翻譯 | Placing Search in Context The Concept Revisited

時間 2019-12-13

標籤翻譯 placing search context concept revisited 简体版

原文原文鏈接

翻譯 | Placing Search in Context The Concept Revisited

原文

摘要

[1] Keyword-based search engines are in widespread use today as a popular means for Web-based information retrieval.網絡

[2] Although such systems seem deceptively simple, a considerable amount of skill is required in order to satisfy non-trivial information needs.app

[3] This paper presents a new conceptual paradigm for performing search in context, that largely automates the search process, providing even non-professional users with highly relevant results.dom

[4] This paradigm is implemented in practice in the IntelliZap system, where search is initiated from a text query marked by the user in a document she views, and is guided by the text surrounding the marked query in that document (「the context」).ide

[5] The context-driven information retrieval process involves semantic keyword extraction and clustering to automatically generate new, augmented queries.工具

[6] The latter are submitted to a host of general and domain-specific search engines.性能

[7] Search results are then semantically reranked, using context. Experimental results testify that using context to guide search, effectively offers even inexperienced users an advanced search tool on the Web.ui

模型改進

第一節

[1] The core of IntelliZap technology is a semantic network, which provides a metric for measuring distances between pairs of words.this

[2] The basic semantic network is implemented using a vector-based approach, where each word is represented as a vector in multi-dimensional space.搜索引擎

[3] To assign each word a vector representation, we first identified 27 knowledge domains (such as computers, business and entertainment) roughly partitioning the whole variety of topics.lua

[4] We then sampled a large set of documents in these domains on the Internet Word vectors were obtained by recording the frequencies of each word in each knowledge domain.

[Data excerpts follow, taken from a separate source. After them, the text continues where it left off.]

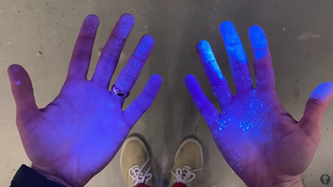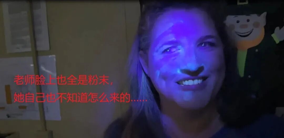 这种肉眼看不见的粉末会在紫外线的照射下发出荧光,分外醒目。
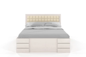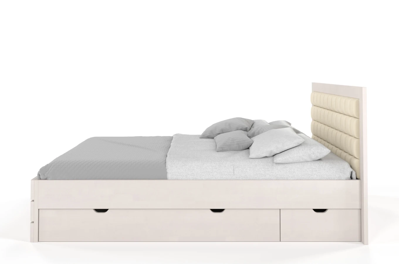 Tapicerowane łóżko drewniane - bukowe Visby GOTLAND High Drawers
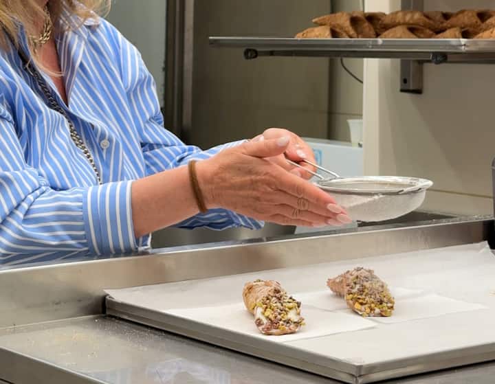 Préparation de pizzas et cannoli siciliens au bord de la mer
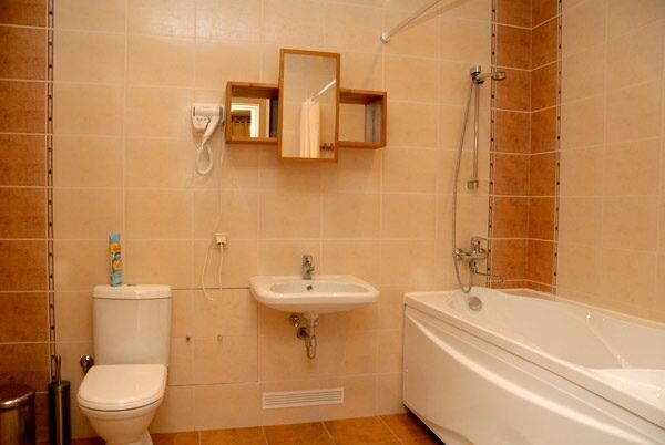 Ванная комната совмещена с санузлом. Номер оснащен телевизором, телефоном внутренней связи, Wi-Fi, кулером, косметическими средствами, тапочками и феном.
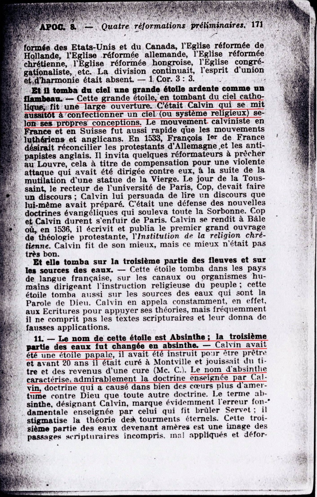 Et il tomba du ciel une grande étoile ardente comme un flambeau. - Cette grande étoile, en tombant du ciel catholique, fit une large ouverture. C'était Calvin qui se mit aussitôt à confectionner un ciel (ou système religieux) selon ses propres conceptions. [...] Apoc. 8:11 Le nom de cette étoile est Absinthe; la troisième partie des eaux fut changée en absinthe. - Calvin avait été une étoile papale [...] Le nom d'absinthe caractérise admirablement la doctrine enseignée par Calvin [...] Source : 🇫🇷 1917 - Le Mystère Accompli, page 171 + Cover |
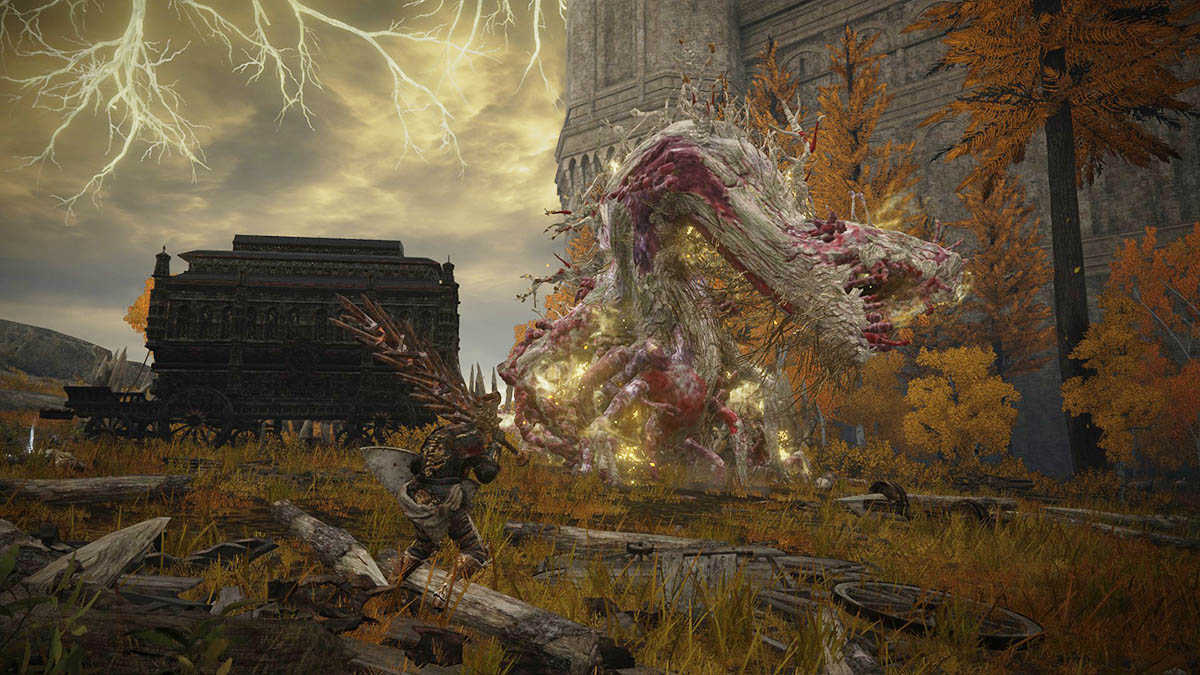 From Seed 7, move southwest along the road on the outskirts of Leyndell to the next roundabout — the tree in the middle is difficult to miss. A twin-blade gargoyle will drop halfway between the two points of Seed 7 and Seed 8. The fight can be frustrating due to elevation differences, but don’t bring the fight off the road: a slew of minor enemies to the east can muddle the fight.
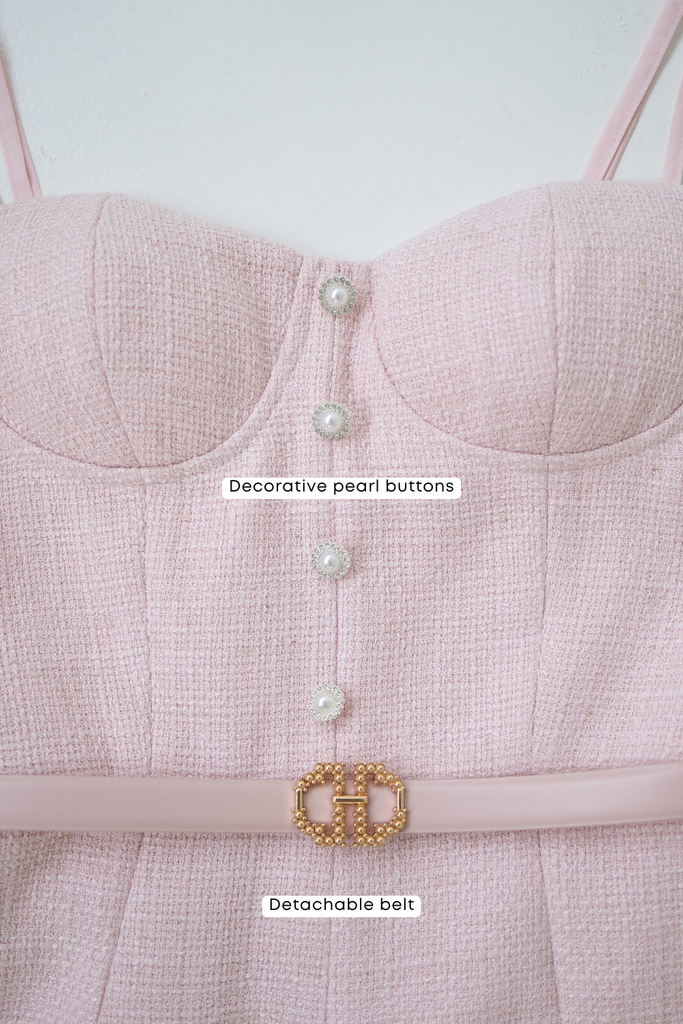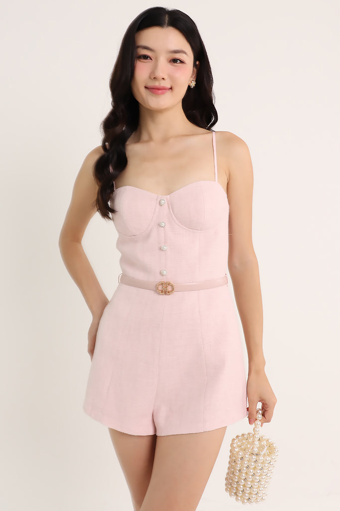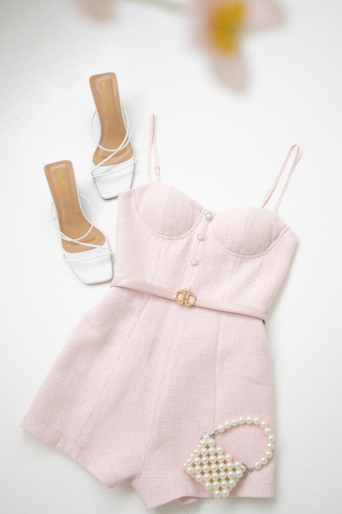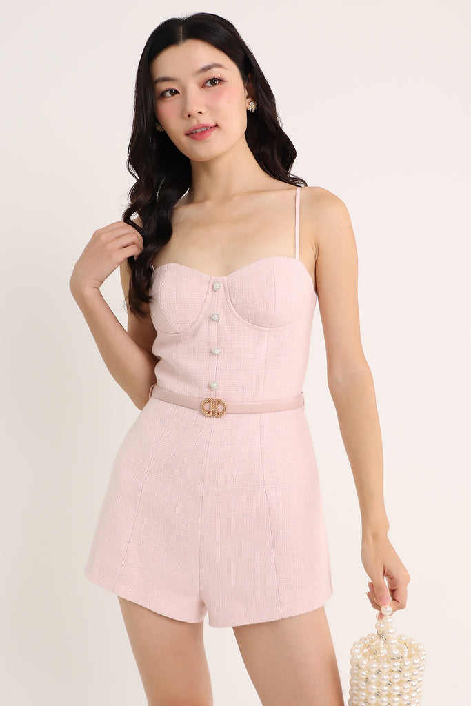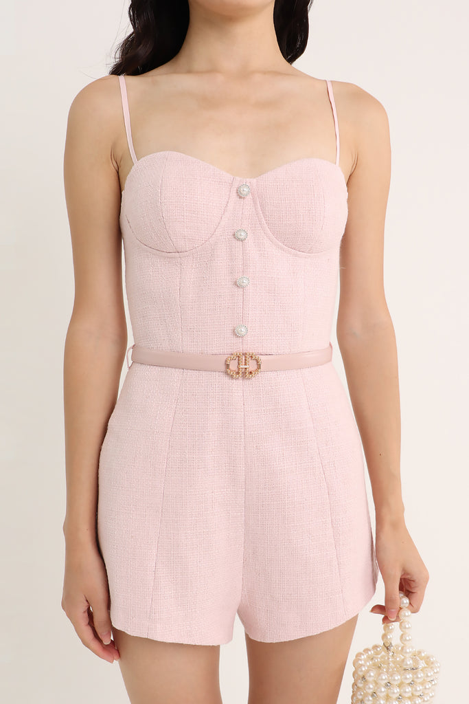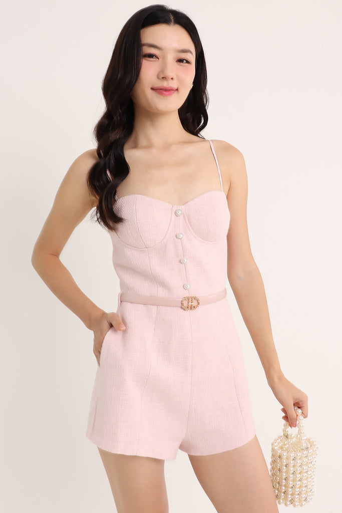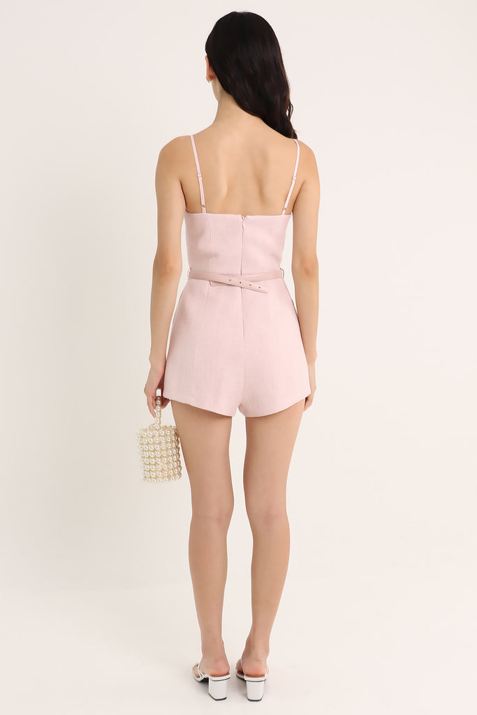LUNARIA TWEED BELTED ROMPER IN PINK

[5] Each domain can therefore be viewed as an axis in the multi-dimensional space.

[6] The distance measure between word vectors is computed using a correlation-based metric:

第二節

[1] Unfortunately, there are no accepted procedures for evaluating performance of semantic metrics.

[2] Following Resnik [1999], we evaluated different metrics by computing correlation between their scores and human-assigned scores for a list of word pairs.

[3] The intuition behind this approach is that a good metric should approximate human judgments well.

[4] While Resnik used a list of 30 noun pairs from Miller and Charles [1991], we opted for a more comprehensive evaluation.

[5] To this end, we prepared a diverse list of 350 noun pairs representing various degrees of similarity,10 and employed 16 subjects to estimate the 「relatedness」 of the words in pairs on a scale from 0 (totally unrelated words) to 10 (very much related or identical words).

[6] The vector-based metric achieved 41% correlation with averaged human scores, and the WordNet-based metric achieved 39% correlation11,12 A linear combination of the two metrics achieved 55% correlation with human scores.

[7] Currently, our semantic network is defined for the English language, though the technology can be adapted for other languages with minimal effort.

[8] This would require training the network using textual data for the desired language, properly partitioned into domains.

[9] Linguistic information can be added, subject to the availability of adequate tools for the target language (e.g., EuroWordNet for European languages [Euro WordNet] or EDR for Japanese [Yokoi 1995]).